President Trump comes back to office amid one of the most over-valued stock markets of all time, even more inflated than at President Hoover’s inauguration months before the Black Tuesday crash of 1929. See WSJ: Make America Cheap Again. The CAPE is just one of a long list of historically prescient indicators ringing alarm bells.
Of all the measures of irrational equity market pricing, the cyclically adjusted price to earnings ratio (CAPE) developed by Yale economist Robert Shiller, since it looks back a decade and adjusts for inflation. On that basis, American stocks are 83% more expensive than when Bill Clinton first took the oath of office, 145% more than when Barack Obama first did and a whopping four times Ronald Reagan’s starting point.
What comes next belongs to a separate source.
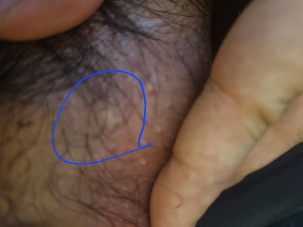 사진만 봐서는 정확한 판단은 어렵지만 모낭염이라고 판단하기는 어렵습니다. 피지가 뭉쳐서 하얗게 보이는 것 같습니다. 정확한 판단을 위해서는 비뇨기과나 피부과에 가보시는 것을 권유드립니다.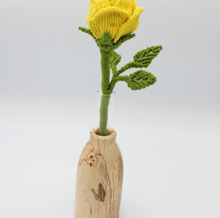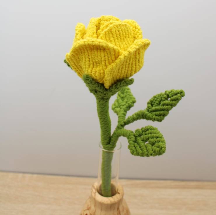 Yellow roses are a symbol of friendship and joy making this pretty macrame rose bud the ideal gift for all kinds of occasions like birthdays, Mothers Day, Anniversaries and housewarming,

They even are a third pricier than at the start of Trump’s own first term.
Nothing matters more to long-term equity returns over the next decade than the level of fundamental valuation at the starting point. Today, bullish high hopes meet elevated multiples that suggest negative annual returns over the next 7 years or more.
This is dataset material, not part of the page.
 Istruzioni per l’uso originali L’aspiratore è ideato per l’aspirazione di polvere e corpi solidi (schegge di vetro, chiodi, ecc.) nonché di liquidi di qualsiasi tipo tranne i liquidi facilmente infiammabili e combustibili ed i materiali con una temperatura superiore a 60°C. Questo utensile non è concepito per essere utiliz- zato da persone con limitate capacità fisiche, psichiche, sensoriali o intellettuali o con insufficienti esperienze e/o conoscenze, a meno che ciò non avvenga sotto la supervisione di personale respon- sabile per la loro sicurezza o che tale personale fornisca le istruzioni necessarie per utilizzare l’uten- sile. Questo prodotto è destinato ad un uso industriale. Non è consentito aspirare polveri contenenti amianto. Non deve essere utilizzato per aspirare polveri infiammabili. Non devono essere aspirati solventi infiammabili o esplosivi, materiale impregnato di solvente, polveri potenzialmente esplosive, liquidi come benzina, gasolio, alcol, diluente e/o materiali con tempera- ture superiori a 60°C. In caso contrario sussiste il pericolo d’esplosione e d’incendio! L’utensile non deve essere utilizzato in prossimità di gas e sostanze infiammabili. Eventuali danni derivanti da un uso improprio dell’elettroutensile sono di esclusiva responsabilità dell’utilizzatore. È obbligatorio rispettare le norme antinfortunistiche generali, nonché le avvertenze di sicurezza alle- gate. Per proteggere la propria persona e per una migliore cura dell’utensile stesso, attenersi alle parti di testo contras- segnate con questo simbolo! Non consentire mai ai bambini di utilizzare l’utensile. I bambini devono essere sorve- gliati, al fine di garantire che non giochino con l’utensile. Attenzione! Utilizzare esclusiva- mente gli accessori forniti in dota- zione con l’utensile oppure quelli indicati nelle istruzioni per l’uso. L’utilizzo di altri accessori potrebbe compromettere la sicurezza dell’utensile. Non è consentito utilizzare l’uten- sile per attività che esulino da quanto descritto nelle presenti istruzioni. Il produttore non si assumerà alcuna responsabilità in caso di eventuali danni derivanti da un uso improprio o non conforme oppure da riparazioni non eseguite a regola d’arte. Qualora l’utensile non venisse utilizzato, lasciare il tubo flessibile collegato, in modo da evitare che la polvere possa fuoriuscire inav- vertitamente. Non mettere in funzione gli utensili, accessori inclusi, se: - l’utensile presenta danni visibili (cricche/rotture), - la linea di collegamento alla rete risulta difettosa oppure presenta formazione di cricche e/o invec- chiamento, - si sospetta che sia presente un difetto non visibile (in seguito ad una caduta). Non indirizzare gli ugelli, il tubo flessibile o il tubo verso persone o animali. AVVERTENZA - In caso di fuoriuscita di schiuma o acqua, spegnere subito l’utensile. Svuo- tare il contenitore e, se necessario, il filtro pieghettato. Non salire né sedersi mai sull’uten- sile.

Asset manager GMO recently forecast that the return of U.S. large capitalization stocks will be negative 5.2% annually over the next seven years after inflation. It would be like putting money into a CD today and having the bank pocket almost a third of it when it matures in 2032.
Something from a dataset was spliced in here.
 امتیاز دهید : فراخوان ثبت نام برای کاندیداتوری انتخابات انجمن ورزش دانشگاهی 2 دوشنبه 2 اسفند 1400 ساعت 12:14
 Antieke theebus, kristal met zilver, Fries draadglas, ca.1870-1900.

With U.S. stock markets the most widely held globally, their prospects magnify downside risk for consumer and investor sentiment worldwide. For those who manage not to go down with this ship, however, the opportunity embedded on the other side of present euphoria has also rarely been greater.
…when indexes like the S&P 500 become cheaper, which they surely will, investors should look past gloomy headlines and see the glass as half full since it will mean a better rate of return.
If a rough patch for U.S. markets is what it takes for that imbalance to right itself then it would be small solace to retirees, much less to President Trump. Those still in their saving years, though, might find that it is the pause that refreshes their nest eggs.